> Data shown:
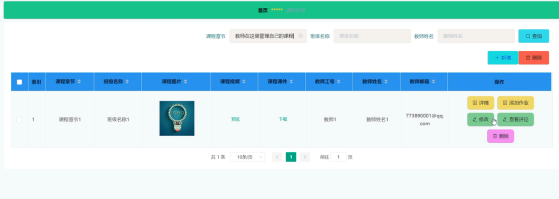 教师可增删改查课程信息,并可添加作业和查看评论,课程信息管理界面展示如图5-12所示。
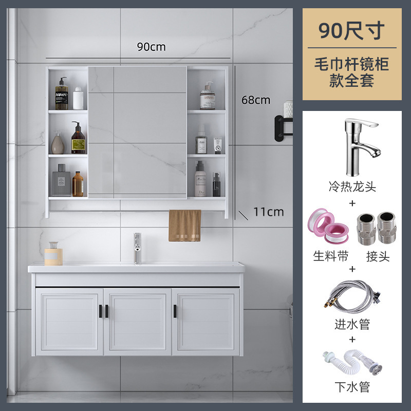 【白吊柜】90CM新款盆+龙头+毛巾杆镜柜
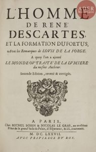 DESCARTES (René). L’Homme de René Descartes, et la formation du fœtus, Avec les Remarques de Louis de La Forge. A quoy l’on a ajouté Le Monde ou traité de la lumière du mesme Autheur. Paris : Michel Bobin, Nicolas Le Gras, 1677. —...
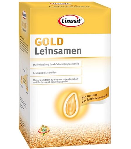 Anwendungsgebiet von Linusit Gold LeinsamenDie für Linusit Gold Leinsamen eingesetzten Samen sind eine Spezialzüchtung mit einem besonderen Anteil an gelbildenden Schleimpolysacchariden. Sie sind reich an Ballaststoffen und haben eine starke Quellfähigkeit. Linusit GOLD Leinsamen enthalten auch Magnesium. Magnesium trägt zu einer normalen Funktion von Muskeln und Nervensystem bei. Wirkstoffe / Inhaltsstoffe / ZutatenZutaten von Linusit Gold Leinsamen: Stark quellende Spezialleinsamen Nährwerte: Nährwerte pro 100 g NRV in % Energie 2089 kJ Energie 506 kcal Fett 39 g gesättigte Fettsäuren 4,0 g Kohlenhydrate 0,6 g Zucker 0,6 g Ballaststoffe 27 g Schleim-Polysaccharide 10 g Eiweiß 26 g Salz 0,07 g Calcium 206 mg (26 %) Magnesium 323 mg (86 %) Die in Klammern angegebenen Prozentsätze entsprechen dem Anteil an der ReferenzmengeGegenanzeigenBei bekannter Überempfindlichkeit gegenüber einem der oben genannten Wirkstoffe sollte das Produkt nicht verwendet werden.DosierungVerzehrempfehlung von Linusit Gold Leinsamen: 3 x täglich möglichst vor oder zum Essen verzehren. Bitte achten Sie auf eine reichliche Flüssigkeitszufuhr pro Tag. Als pure Variante: 1. Je 15 g GOLD Leinsamen (2 Esslöffel). Für Kinder von 6-12 Jahren nur 1 Esslöffel. 2. Möglichst unzerkaut verzehren. 3. 1-2 Gläser Wasser (mindestens 15 ml) nachtrinken. Als Leinsamenbrei: 1. 15 g GOLD Leinsamen (2 Esslöffel) in ca. 400 ml Wasser einrühren und kurz aufkochen. 2. Ab und zu umrühren und bis zu 1 Stunde quellen lassen. 3. Anschließend mit Samen verzehren. Als Leinsamengel: 1. 15 g GOLD Leinsamen (2 Esslöffel) mittels Teigrolle oder Ähnlichem zunächst leicht anquetschen (nicht schroten!). 2. In ca. 400 ml Wasser einrühren und kurz aufkochen. 3. Ab und zu umrühren und bis zu 1 Stunde que ...
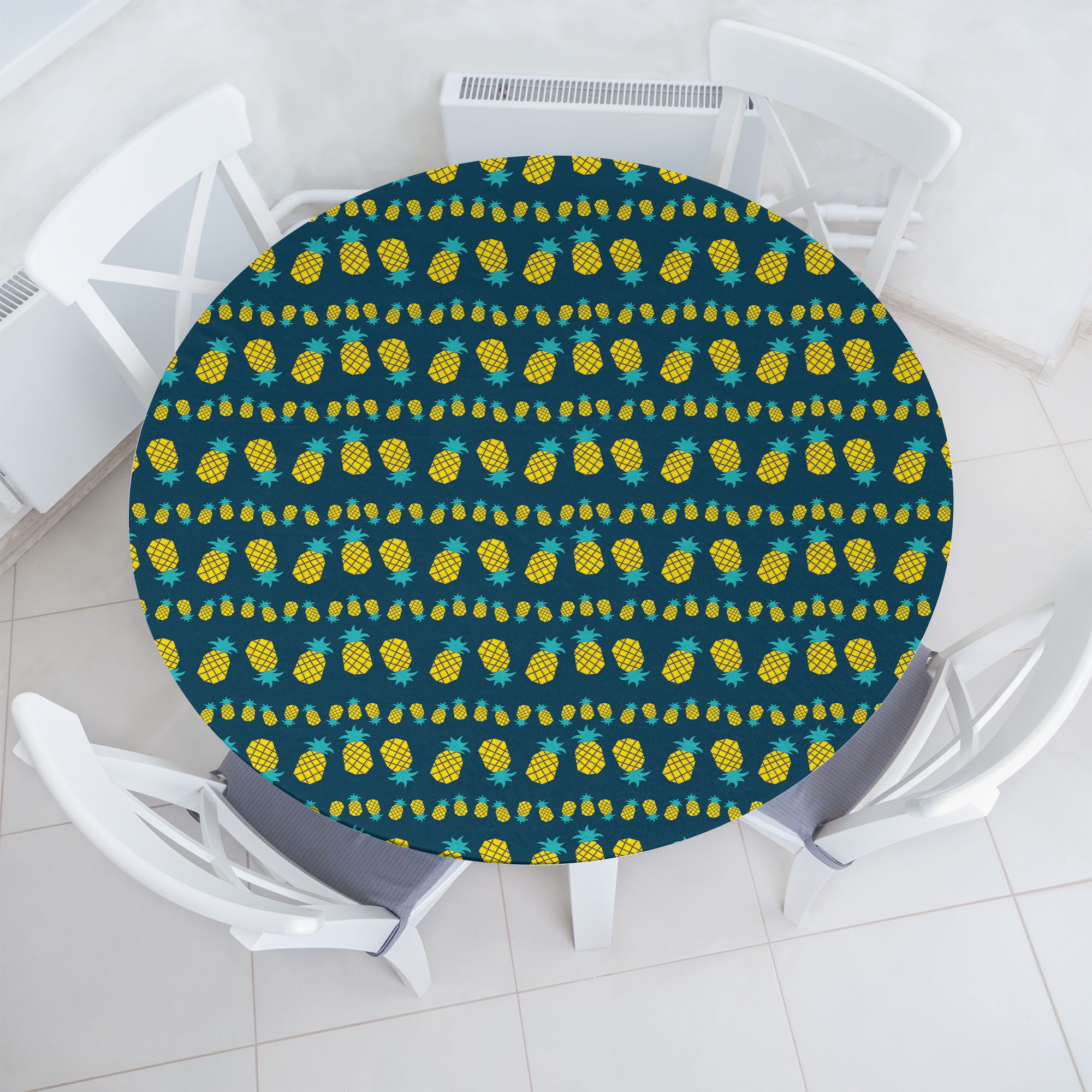 Präsentation unseres stilvollen und vielseitigen elastischen Rundtischtuchs. Entdecken Sie die herausragende Qualität unseres Premium-Rundtischtuchs aus 100 % hochwertigem, gesponnenem Polyester, das sorgfältig für den Innen- und Außenbereich entwickelt wurde. Unser elastischer Rand gewährleistet eine perfekte Passform für jeden Tisch und bietet außergewöhnliche Strapazierfähigkeit sowie Wasserbeständigkeit, um Kratzer zu verhindern, ohne Spuren zu hinterlassen. Dank des elastischen Bands lässt es sich einfach installieren, ohne zu verrutschen. Vielseitigkeit genießen Unsere runde Tischdecke ist eine vielseitige Option für den täglichen Gebrauch, Partys, Feiertage und verschiedene Veranstaltungen wie Catering, Cafés, Abendessen, Brunchs, Potlucks, Grillpartys, Buffets, Indoor- und Outdoor-Veranstaltungen, Hochzeiten und mehr. Dank der elastischen Kanten eignet sie sich für Hotels, Restaurants, Cafés, Terrassen und Zuhause. Über die Küche hinaus Mit ihren lebhaften Mustern ist diese Tischdecke perfekt für ungezwungene Abendessen, Picknicks, Campingausflüge und Partys. Wählen Sie aus einer Vielzahl von klassischen Designs, um jedes Dekor zu ergänzen und einen alten Tisch aufzupeppen. Ob Geburtstagsfeier, Einweihungsparty oder Ausdruck Ihrer Dankbarkeit gegenüber Eltern, Großeltern, Lehrern, Freunden oder einer besonderen Person in Ihrem Leben. Tolle Designs und Muster Ob Boho, lustig, hippie, modern, vintage, abstrakt, minimalistisch, psychedelisch, natur, romantisch und mehr! Entdecken Sie unsere umfangreiche Sammlung von Farbpaletten und einzigartigen Designs. Erwarten Sie kräftige, lebendige Farben und kunstvolle Details, die jeden Raum aufwerten. Pflegeleichte Anleitung Einfach in der Waschmaschine im Kalt- oder Feinwaschgang waschen. Trocknen und bügeln Sie sie bei niedriger Hitze und sie sind so gut wie neu.
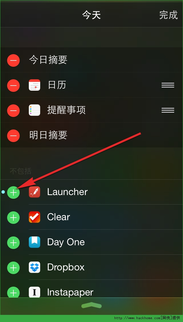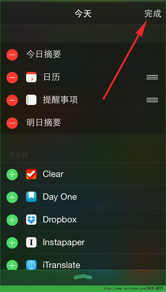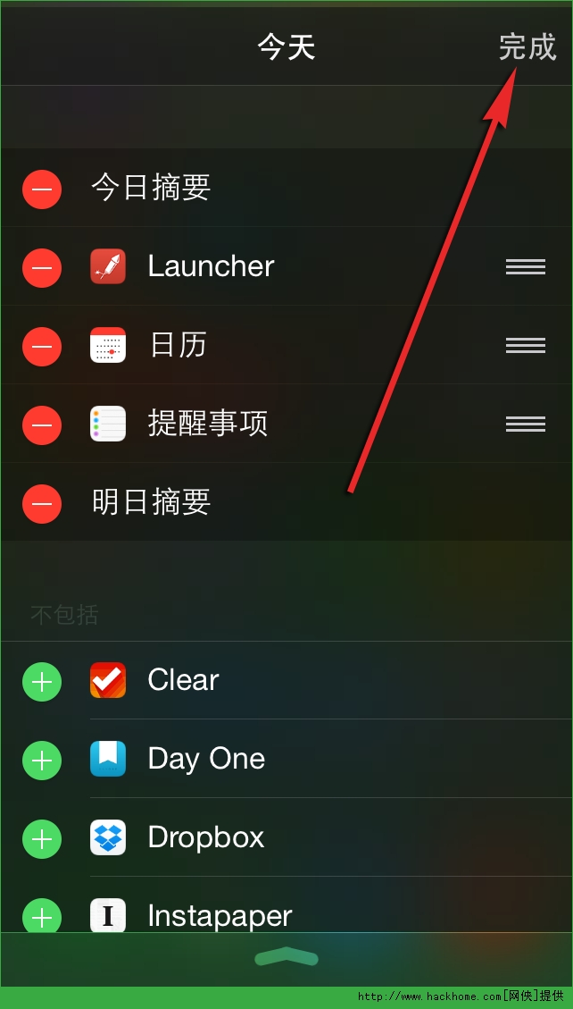 第五步:你還可以拖動小部件來改變它們出現在通知中心的順序,最後按右上角的「完成」按鈕確定添加。
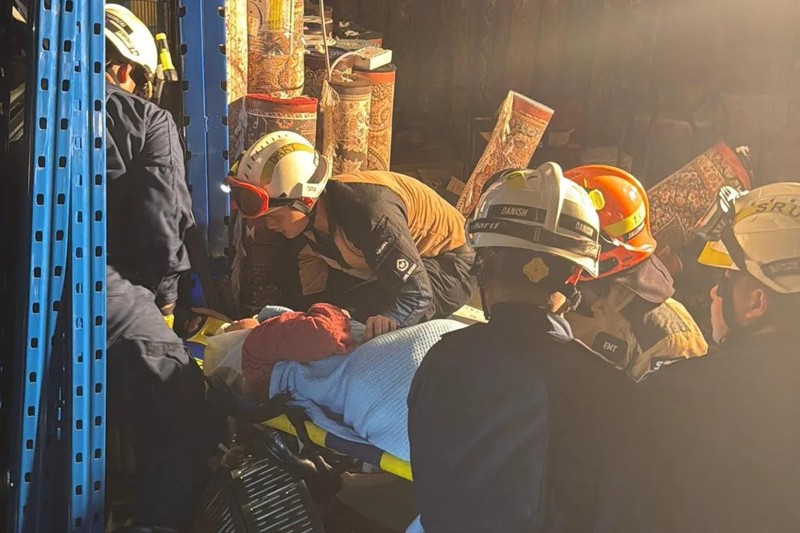 Selepas kira-kira 90 minit, pasukan penyelamat berjaya mengalihkan gulungan permaidani serta memotong rak-rak di tempat itu dan menemui mangsa.
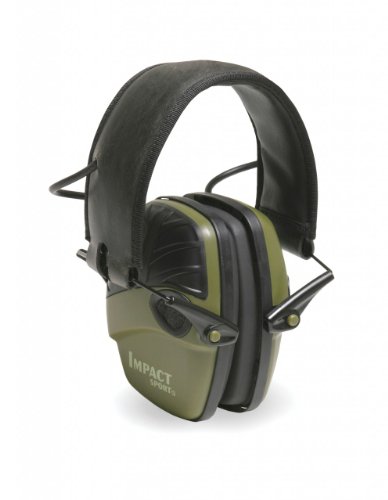 -. Feature : Built-in directional microphones amplify range commands and other ambient sounds to a safe 82dB, providing more natural listening and enhanced communication / Actively listens and automatically shuts off amplification when ambient sound reaches 82 dB; Noise Reduction Rating (NRR): 22 / Features low profile earcups for firearm stock clearance; adjustable headband for secure fit; compact folding design for convenient storage; classic green color / Each includes AUX input and 3.5mm connection cord for MP3 players and scanners / Each includes 2 AAA batteries; automatic shut-off feature after 4 hours increases battery life
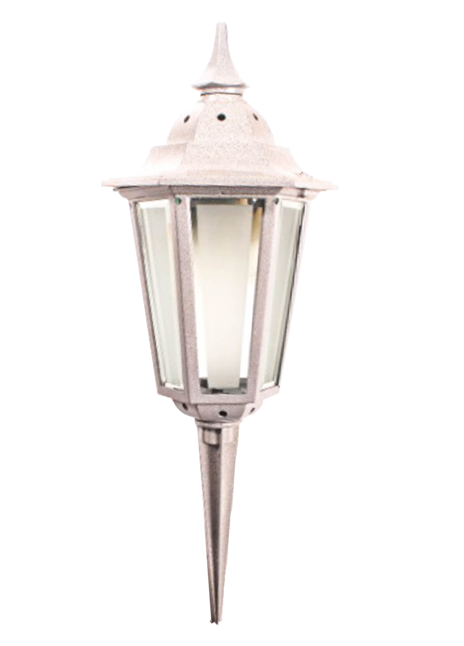 Gravlygte i støbt aluminium, som ikke ruster. Beregnet til olielys eller batterilys 10107. Lygten stikkes ned i jorden med medfølgende jord-spyd. Leveret 8/fpk
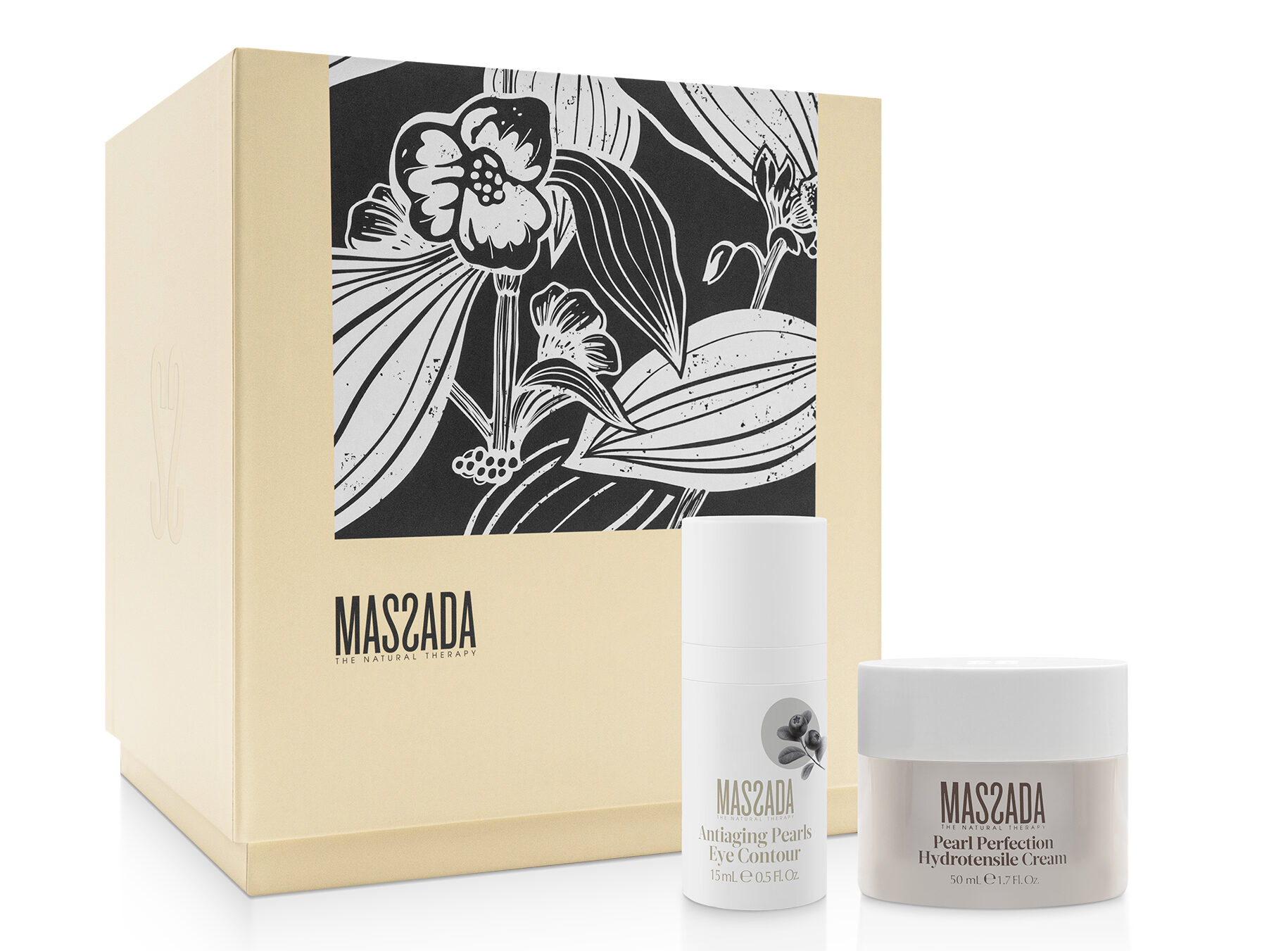 El regalo perfecto para esa persona que necesite hidratar, iluminar y combatir las primeras líneas de expresión. Incluye dos productos (Tratamiento facial Pearl Perfection Hydrotensile Cream (50 ml) y Contorno de ojos antiaging (15 ml)) que envuelven la piel en un halo de luminosidad que se disfruta aún más gracias a su aroma frutal único. El contorno de ojos aporta un acabado descansado y luminoso, además de reducir arrugas, bolsas y ojeras. La crema, por su parte, aporta hidratación, tersura y luminosidad. Sus fórmulas contienes activos naturales como polvo de perlas, arándano silvestre, ginseng, hexapéptidos y oligoelementos.
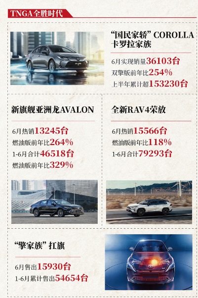 2019年開(kāi)始,一汽豐田“TNGA三強(qiáng)”:亞洲龍AVALON、全新RAV4榮放、全新卡羅拉相繼推出,備受消費(fèi)者歡迎,市場(chǎng)熱度始終不減。伴隨市場(chǎng)的逐步復(fù)蘇,三款車展示出了快速向上的爆發(fā)力,全新RAV4榮放6月銷量15566臺(tái),卡羅拉家族銷售36103臺(tái),兩車均創(chuàng)6月歷史新高;旗艦車型亞洲龍AVALON的6月銷量13245臺(tái),創(chuàng)下單月銷量新高。奕澤IZOA家族6月銷量5893臺(tái),其中奕澤IZOA燃油版同比增長(zhǎng)12%;威馳家族6月收獲7140臺(tái);PRADO普拉多6月銷售3282臺(tái)。
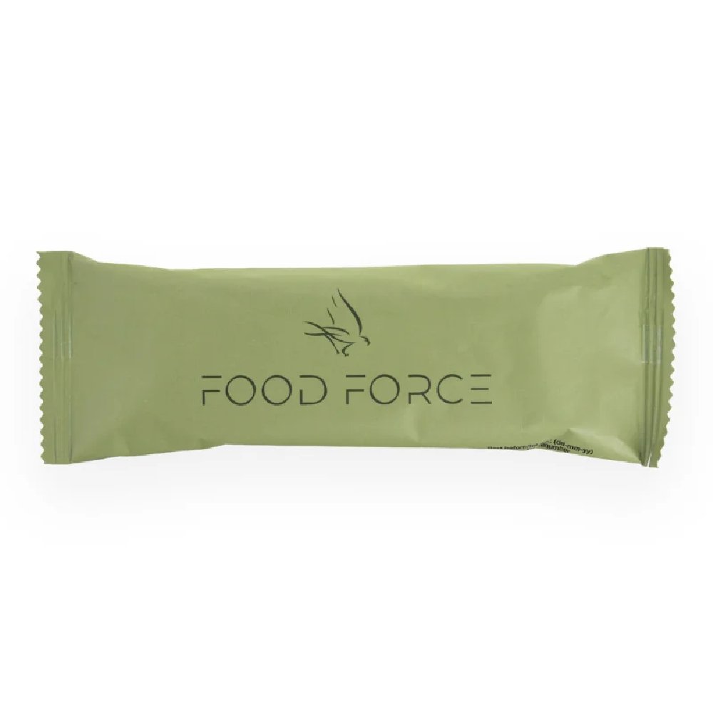 Baton Food Force dostarcza skoncentrowaną dawkę energii, niezbędnej podczas intensywnego wysiłku fizycznego lub w warunkach ograniczonego dostępu do posiłków. To rozwiązanie inspirowane wojskowymi racjami żywnościowymi, gdzie liczy się skuteczność i niezawodność.
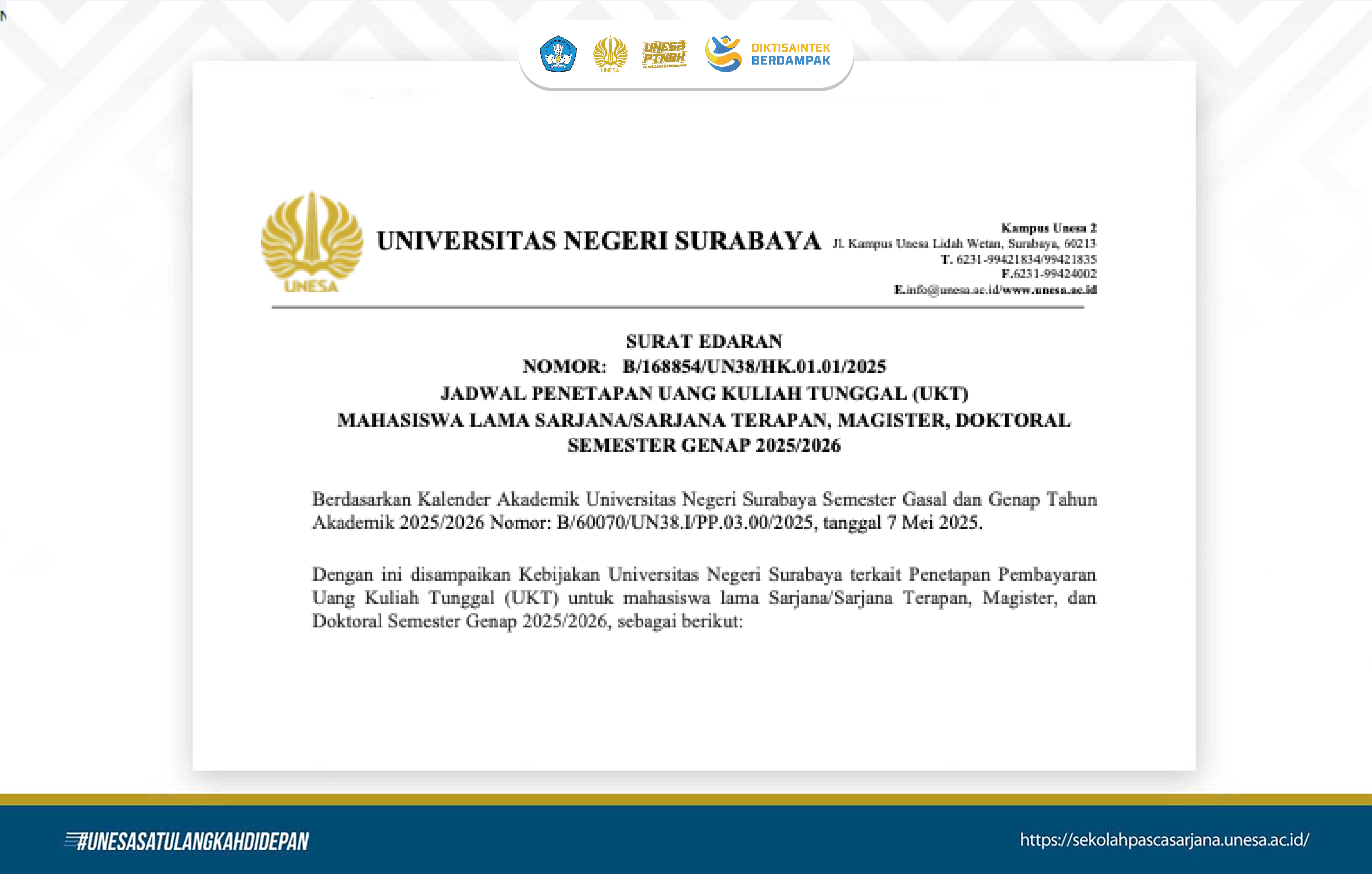 Information on New Student Admissions for Postgraduate Unesa in 2022
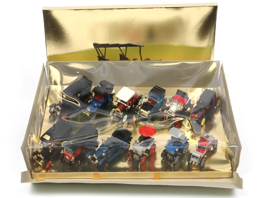 comprend notamment les modèles : PANHARD & FORD - ensemble présenté sur socle avec ficelle de maintien d'origine - certains pneus coupés - boîte déformée (suremballage légèrement décoloré)
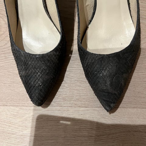 Et par hvid slangeskinds sko med hæl. Skoene har en unik bølgeformet kant langs åbningen og en metalisk detalje på tåen. Størrelsen af skoene er 36. Undersiden viser tegn på slid.

> Work instructions: Lines from the one containing "comprend notamment les" through the end of the material above must be reproduced exactly; pictures must not be.

> Result:
 comprend notamment les modèles : PANHARD & FORD - ensemble présenté sur socle avec ficelle de maintien d'origine - certains pneus coupés - boîte déformée (suremballage légèrement décoloré)
 Et par hvid slangeskinds sko med hæl. Skoene har en unik bølgeformet kant langs åbningen og en metalisk detalje på tåen. Størrelsen af skoene er 36. Undersiden viser tegn på slid.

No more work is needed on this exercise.